Available data:
—————

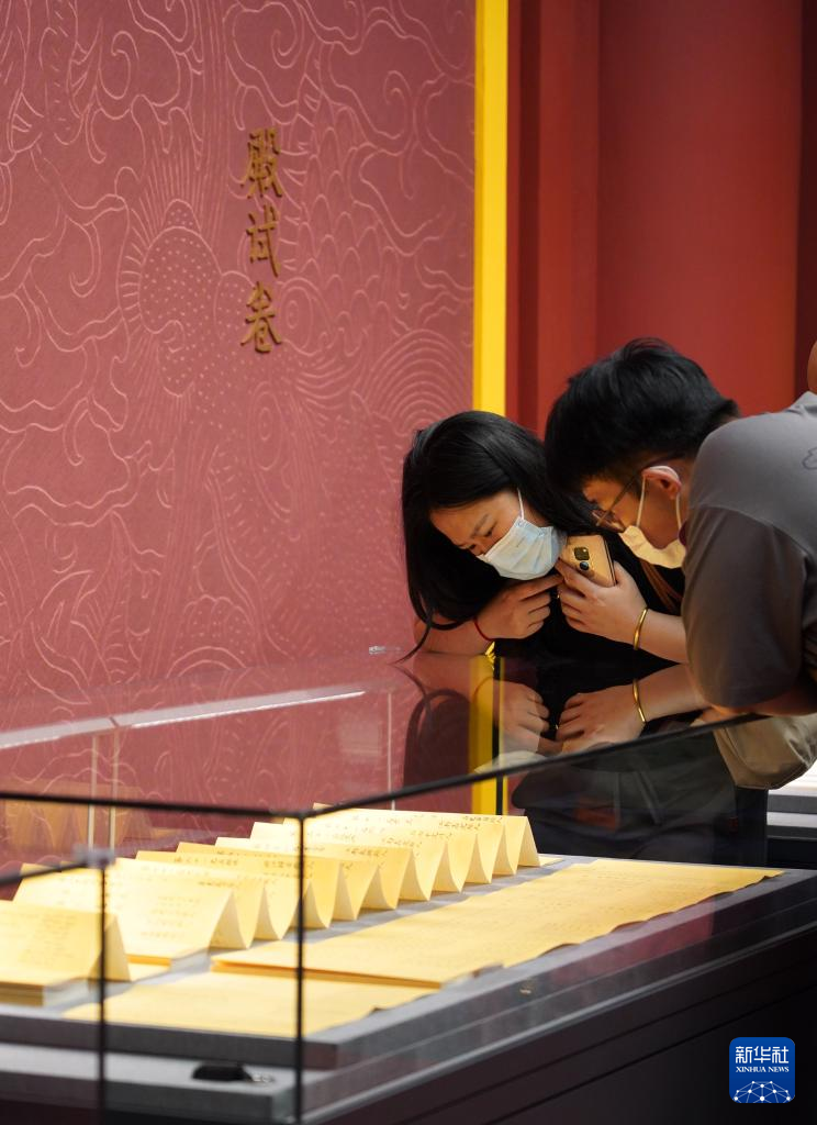 7月13日,觀眾在參觀“蘭臺(tái)翰墨 家國(guó)春秋——明清歷史檔案展”。 新華社記者 李夢(mèng)馨 攝
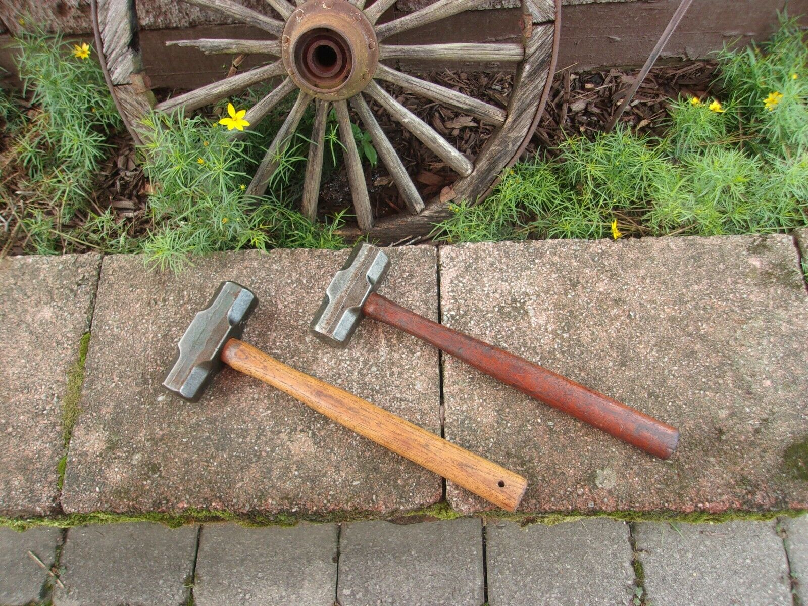 2 VINTAGE BLACKSMITH / SLEDGE HAMMERS { US 4 LB & DROP FORGED 3 LB }
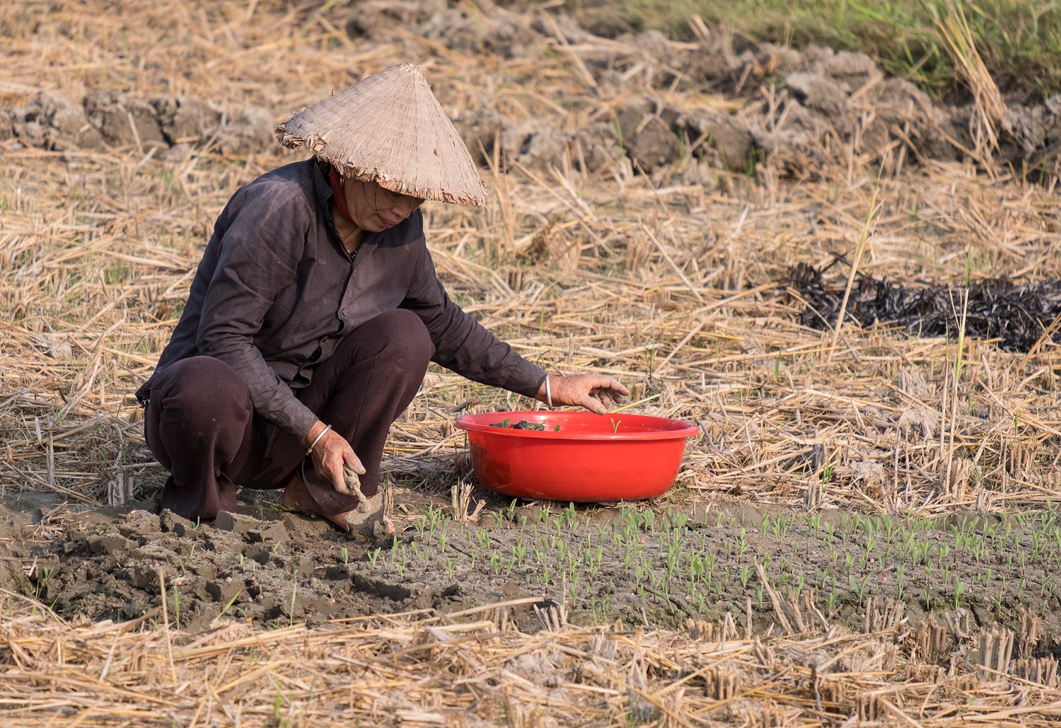 Paysanne repiquant du maïs

—————

What is required:
Transcribe, without alteration, each line from the one with "2 VINTAGE BLACKSMITH" through the last line of the data; no pictures belong in the copy.

Response box:
 2 VINTAGE BLACKSMITH / SLEDGE HAMMERS { US 4 LB & DROP FORGED 3 LB }
 Paysanne repiquant du maïs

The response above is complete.